# Discuss Jerry's answer to: Convolutionary Mathematical Forms that Justify a High School Physics Teacher's Pendulum Lesson

What are the Mathematical forms for non-ordinary differential equations that precede develop of the Beta - and Gamma - functions for a factorial analysis, closed range, subset circular, 'frozen in ...

First of all, a high school physics teacher's pendulum lesson could be justified via the application of convolutionary mathematical forms. However, the field would be far beyond the any high School student's abilitiy to comprehend. This is not to say that an abslolute genius wouldn't understand. Basically, convolution is a functional analysis using two distinct functions to produce a third function, which may be a modified version of one of the original functions.

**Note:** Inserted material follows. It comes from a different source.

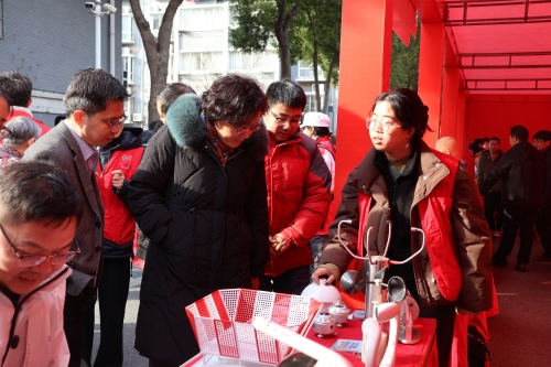 (科技志愿者发放科普材料)
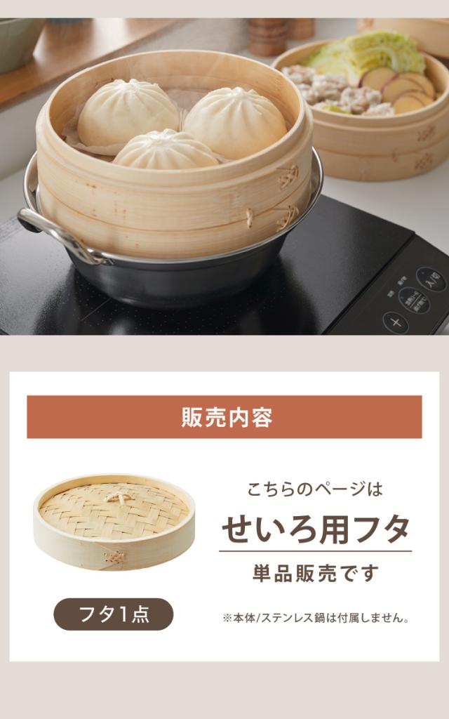 ■初めてご使用になる際や、セイロが乾燥している場合には、ご使用前に水に漬けて水分を吸わせてからお使い下さい。

The convolution can be defined for functions on groups other than Euclidean spaces. In particular, the circular convolution can be defined for periodic functions, ie , those function of the circle. And, the discrete convolution can be defined for functions on the set of counting number, ie integers. These generalizations of the convolution have applications in the field of numerical analysis and numerical algebra, and in the design of finite impulse response filter, ie signal processing.

An understanding of such would require at least four or five years of advanced college mathematics and some experience in the applications of several divergent fields.

We all know what the speed of light is, however, I wonder, what is the speed of dark?